Extended Data Figure 6: HUSH and MORC2 preferentially bind full-length L1 instances in human ES cells, mouse ES cells and K562 cells.

a, Widespread genomic co-binding of MPP8 and MORC2 in hES cells. Heat map representation of ChIP–seq results at 57,000 genomic loci, centred on MPP8 and MORC2 summits and sorted by MORC2 ChIP–seq signal. Plotted is the normalized ChIP read density from hES cells. b, Heat maps of MORC2/MPP8 ChIP–seq density over the indicated repeat classes, centred and sorted as in a. The HUSH complex and MORC2 bind predominantly to L1 elements in hES cells, in particular to the primate-specific L1P families, suggesting that HUSH- and MORC2-dependent silencing is relevant in many embryonic and somatic cell types. c, L1 families that encompass active L1 copies, such as L1Md-T and L1Md-A, are significantly enriched among MPP8 binding sites in mouse ES cells. L1Md_Gf is also enriched, but not shown owing to the low number of instances. Thus, HUSH-mediated L1 regulation appears to be conserved among species. Of note is that MPP8 is also strongly enriched at IAP elements, a class of murine endogenous retroviruses that remain currently mobile in the mouse genome. d, MPP8 ChIP–seq heat maps in mouse embryonic stem cells featuring retrotransposition-competent L1Md-T, L1Md-A and L1Md-Gf. e, MPP8 preferentially binds full-length L1Md-A and L1Md-T in mouse ES cells.
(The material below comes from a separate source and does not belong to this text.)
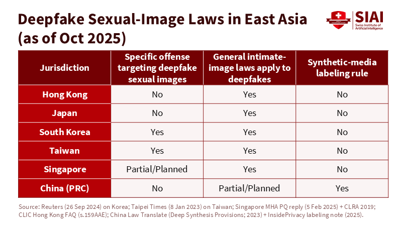 2025년 10월 기준 동아시아 지역의 딥페이크 성적 이미지 관련 법제 현황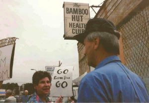 Protests in 1992 outside one of the oldest “sauna parlors” in Minneapolis, also called “health clubs.” The Bamboo Hut Health Club was located near 54th and Nicollet Ave. S. and was eventually closed down. (Photo by Twin Cities Almanac).

Plotted is the size distribution of the indicated L1 instances that overlap with MPP8 ChIP–seq peaks, or remaining L1s that do not overlap with such ChIP–seq signals. Box plots show median and IQR, whiskers are 1.5 × IQR. f, Aggregate plots of MORC2 (red) and MPP8 (black) ChIP–seq signals over 500 full-length, MPP8-bound L1PAs, centred on the L1 5′ end. g, Aggregate plots of MORC2 (red) and MPP8 (black) ChIP–seq signals on L1Hs (L1PA1). Similar to the binding profile on L1PA (f), MPP8 and MORC2 occupy the whole body of L1Hs, with MORC2 additionally binding L1Hs 5′ UTR. It is to be noted that ChIP–seq fragments are much less likely to be uniquely mapped—and thus removed by the alignment criteria—within the L1Hs non-5′ UTR region, owing to their minimal sequence divergence (Extended Data Fig. 5a).